この課題に対応するには、女性や高齢者の就労促進外国人労働者の受け入れ拡大、そしてAIやデジタル技術の導入など、多方面からのアプローチが必要です。

また、人材を必要な場所に適切に移す「再配置」も重要です。現状の日本では、転職への心理的な抵抗や制度面での壁が高く、労働市場の流動性が低いといわれています。

人手が余っている分野から、医療・介護・ITなど人手不足の分野へと、人材がスムーズに移動できる仕組みづくりが求められます。

そのためには、働きながらスキルを身につけたり、学び直したりできる環境の整備が欠かせません。日本では大学院への進学率が低く、社会人の学び直しを支援する制度もまだ十分とはいえません。

大学院教育の充実や、社会人の教育支援制度の拡充が急務です。

人手不足に真正面から向き合い、労働力の「量」だけでなく「質」や「活用の仕方」を見直していくことが、今後の持続的な経済成長にとって欠かせません。

政府・企業・教育機関が連携し、働き方や学び方、人材活用の仕組み全体を改革していくことが強く求められています。
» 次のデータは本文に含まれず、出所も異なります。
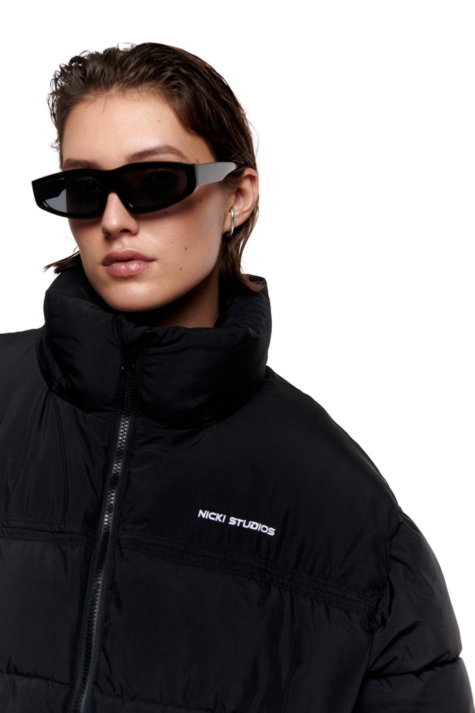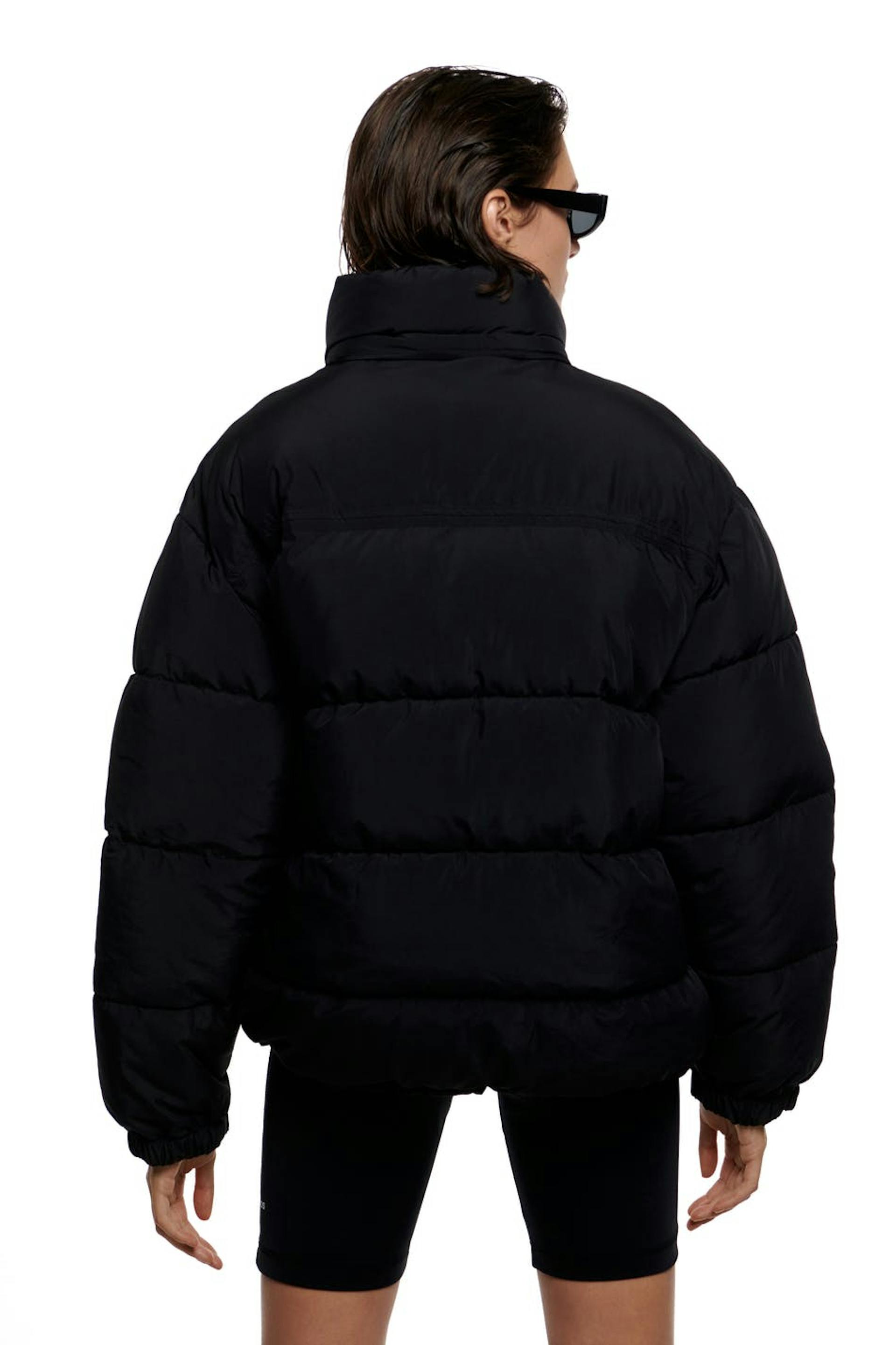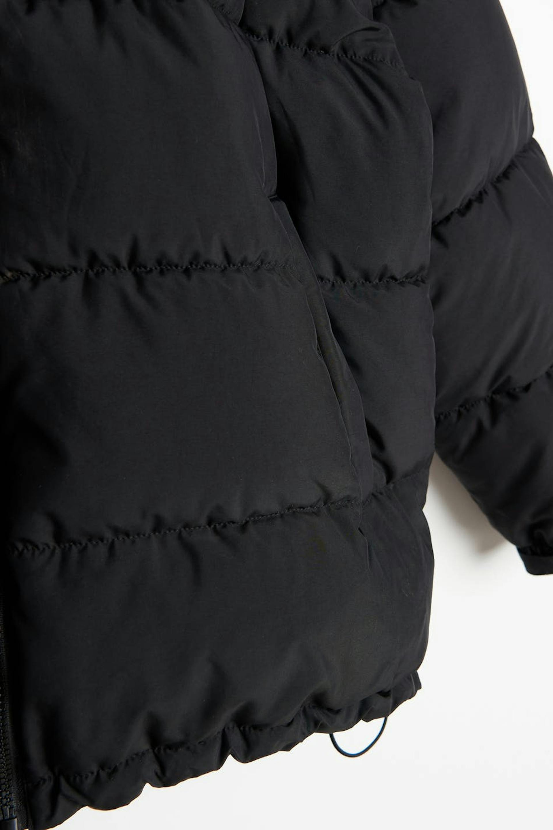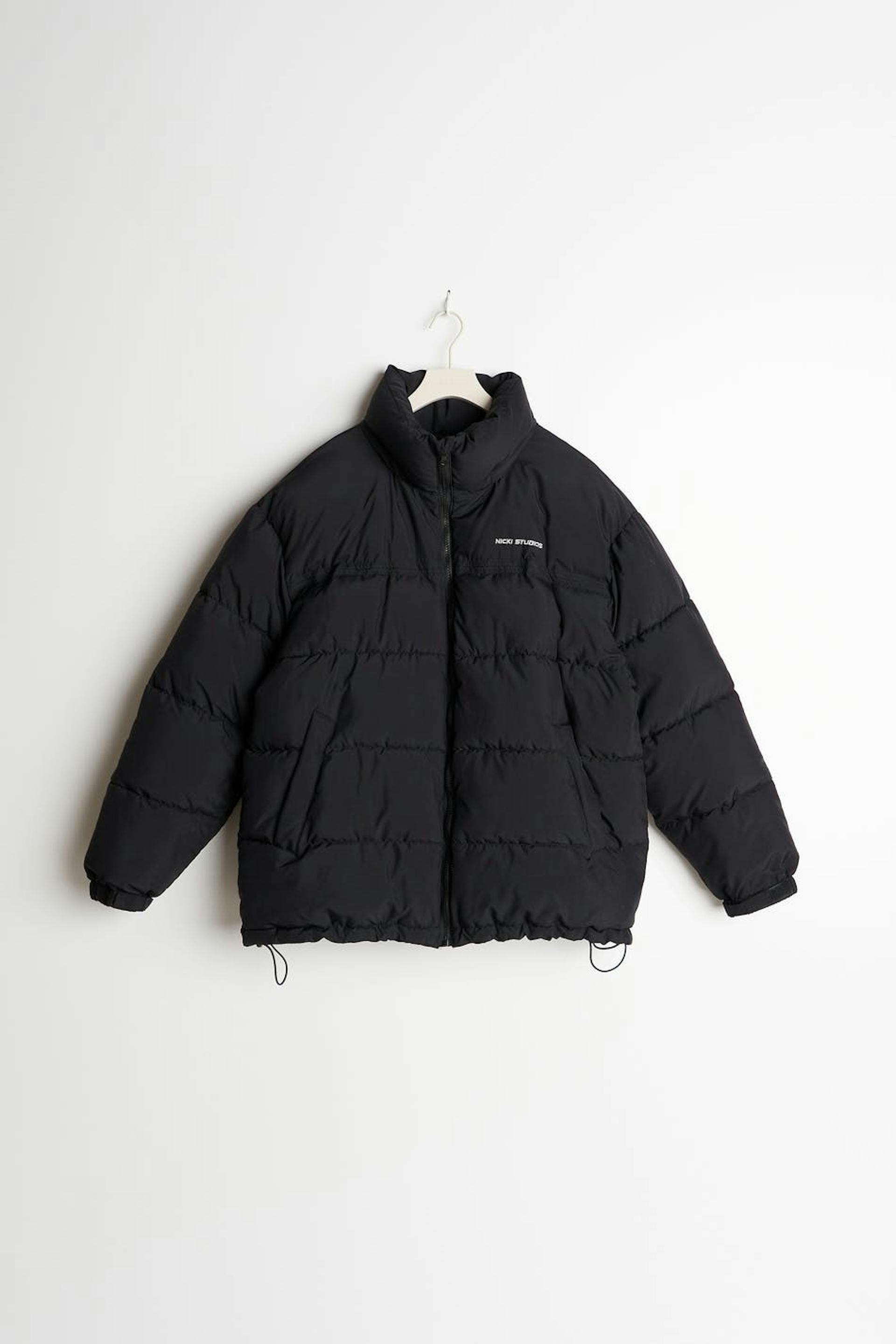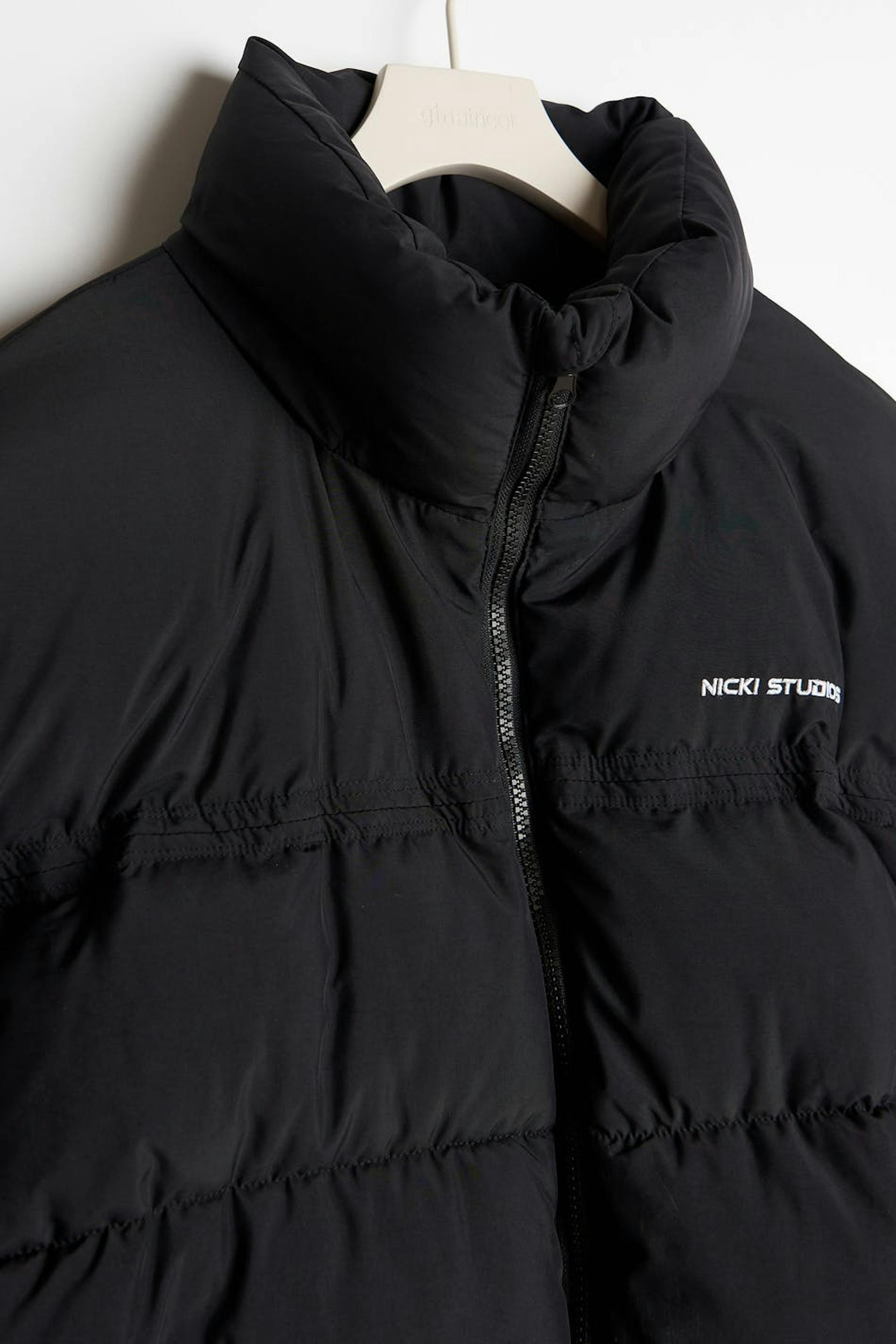 Nicki Studios X Gina Tricot. Short puffer jacket with an oversize fit. The jacket is padded, black and lined. It has brand embroidery on the chest, pockets on the sides, zip closure in front, an elasticized drawstring at the bottom hem, a hidden hood inside the collar and elasticized cuffs with velcro strap.

私は、人手不足が構造的な課題であるという指摘に強く共感しました。採用難が続く中で、生産性の向上や人材の再配置、学び直しの支援がますます重要になっていると感じます。

特に中小企業では、人材を育て、活かす仕組みづくりが追いついていないケースも多く、社労士としてその支援に関わる役割は今後さらに大きくなると思います。

単なる制度対応にとどまらず、人と組織の成長を支えるパートナーであるべきだと、改めて考えさせられました。